# Thoughts on Kyon Kennels



## GRluver (Sep 29, 2013)

This is my "Shay" he is from Kyon Kennels. I was/am very pleased with every aspect of this breeder, Karin is absolutely wonderful.


----------



## CAROLINA MOM (May 12, 2009)

I did a search here on the Forum for Kyon Kennels, here is a previous thread that might be helpful to you.

http://www.goldenretrieverforum.com/golden-retrievers-main-discussion/248346-looking-breeders.html


----------



## fortheloveofdog (Feb 20, 2014)

Thank you both so much for the information. GRluver, your Shay is beautiful.


----------



## GRluver (Sep 29, 2013)

Thank you so much! Who are the parents of the pups you are looking at? Shays parents are Phantom and Hailey.


----------



## Khills (Mar 2, 2020)

My first service dog Shai’s sire was from Kyon. My current service dog Rani Is from Kyon. Both wonderful dogs. Rani is 7. We still stay in touch with them. Rani is a world famous fishing dog. Google dog catches catfish
View attachment 870628


----------



## bigblackdog (Jun 14, 2013)

I know this is not going to be popular here....but I would not buy a puppy from this kennel. I live close by, and through the years have had a bunch of different Kyon Goldens come through to board with me. This is a big scale kennel operation. There are 8 studs, and 8 breeding females....many puppies produced. All of the males have their CH, and some females....but none have titles in anything else. No obedience, no tracking, not even a CGN on any of them. Once they get their CH...they are in business. I know that they do health testing, and that is good. I've had 2 that the dogs have seizures, and a few died young of liver failure, and other health problems. No breeder can produce perfect puppies.... and when you are producing so many puppies per year, there are bound to be problems.

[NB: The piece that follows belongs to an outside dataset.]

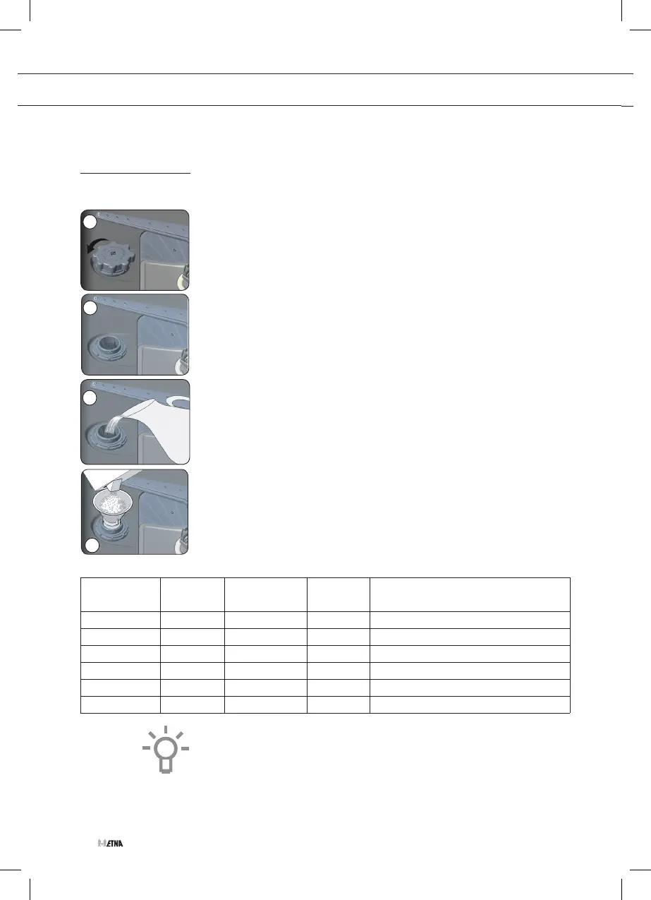 den Salzbehälter auf, wenn das Warnlämpchen des Wasserenthärters (2)

Are they COE breeders? Yes. I prefer a breeder that shows their dogs, and does something with their dogs...sport, obedience, etc. and dogs that do not live in kennels for most of their lives. A breeder that can follow what they have bred, and that usually means a litter or two a year. We have other good breeders in Ontario...COE that are smaller scale...that don't make their living producing puppies.


----------



## Ksm (May 14, 2019)

bigblackdog said:


> I know this is not going to be popular here....but I would not buy a puppy from this kennel.
> 
> We have other good breeders in Ontario...COE that are smaller scale...that don't make their living producing puppies.

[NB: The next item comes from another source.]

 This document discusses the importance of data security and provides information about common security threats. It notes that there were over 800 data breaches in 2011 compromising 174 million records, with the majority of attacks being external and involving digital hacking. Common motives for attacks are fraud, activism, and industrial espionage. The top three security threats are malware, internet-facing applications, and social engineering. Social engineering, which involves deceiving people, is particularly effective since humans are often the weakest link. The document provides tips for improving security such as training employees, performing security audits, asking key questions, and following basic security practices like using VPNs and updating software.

This is the first time that I'm hearing a bad thing about them. Interesting view point and I appreciate that in this forum there's multiple opinions people are willing to share. From what I've gathered, they are doing titles and many of the puppies that are going to homes are achieving titles, etc. So I am surprised that people who are that invested into competing would be getting a dog from a shaky pedigree. 

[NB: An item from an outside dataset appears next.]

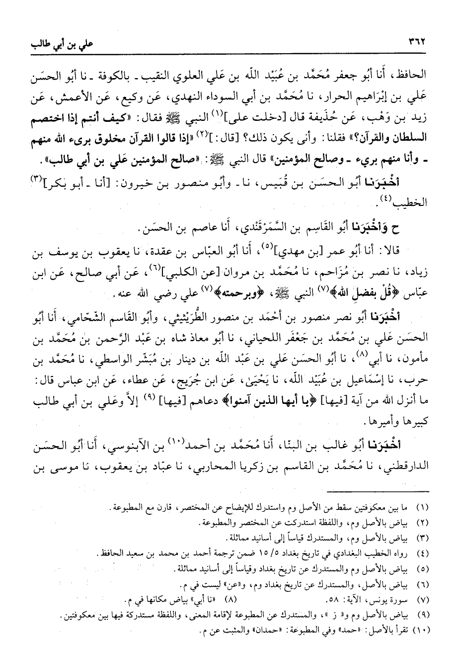 الحافظ أنا أبو جعفر محمد بن عبيد الله بن علي العلوي النقيب بالكوفة نا أبو الحسن علي بن إبراهيم الحرار نا محمد بن أبي السوداء النهدي عن وكيع عن الأعمش عن زيد بن وهب عن حذيفة قال دخلت على (1) النبي (صلى الله عليه وسلم) فقال كيف أنتم إذا اختصم السلطان والقران فقلنا وأنى يكون ذلك قال (2) إذا قالوا القران مخلوق برئ الله منهم وأنا منهم برئ وصالح المؤمنين قال النبي (صلى الله عليه وسلم) صالح المؤمنين علي بن أبي طالب أخبرنا أبو الحسن بن قبيس نا وأبو منصور بن خيرون أنا أبو بكر (3) الخطيب (4) ح وأخبرنا أبو القاسم بن السمرقندي أنا عاصم بن الحسن قالا أنا أبو عمر بن مهدي (5) أنا أبو العباس بن عقدة نا يعقوب بن يوسف بن زياد نا نصر بن مزاحم نا محمد بن مروان عن الكلبي (6) عن أبي صالح عن ابن عباس " قل بفضل الله " النبي (صلى الله عليه وسلم) وبرحمته (7) على Bهـ أخبرنا أبو نصر منصور بن أحمد بن منصور الطريثيثي وأبو القاسم الشحامي أنا أبو الحسن علي بن محمد بن جعفر اللحياني نا أبو معاذ شاه بن عبد الرحمن بن محمد بن مأمون نا أبي (8) نا أبو الحسن علي بن عبد الله بن دينار بن مبشر الواسطي نا محمد بن حرب نا إسماعيل بن عبيد الله نا يحيى عن ابن جريج عن عطاء عن ابن عباس قال ما أنزل الله من اية فيها " يا أيها الذين آمنوا " دعاهم فيها (9) إلا وعلي بن أبي طالب كبيرها وأميرها أخبرنا أبو غالب بن البنا أنا محمد بن أحمد (10) بن الابنوسي أنا أبو الحسن الدارقطني نا محمد بن القاسم بن زكريا المحاربي نا عباد بن يعقوب نا موسى بن

Re other breeders: who would you recommend instead?


----------



## bigblackdog (Jun 14, 2013)

Ksm said:


> This is the first time that I'm hearing a bad thing about them. Interesting view point and I appreciate that in this forum there's multiple opinions people are willing to share. From what I've gathered, they are doing titles and many of the puppies that are going to homes are achieving titles, etc. So I am surprised that people who are that invested into competing would be getting a dog from a shaky pedigree.
> 
> Re other breeders: who would you recommend instead?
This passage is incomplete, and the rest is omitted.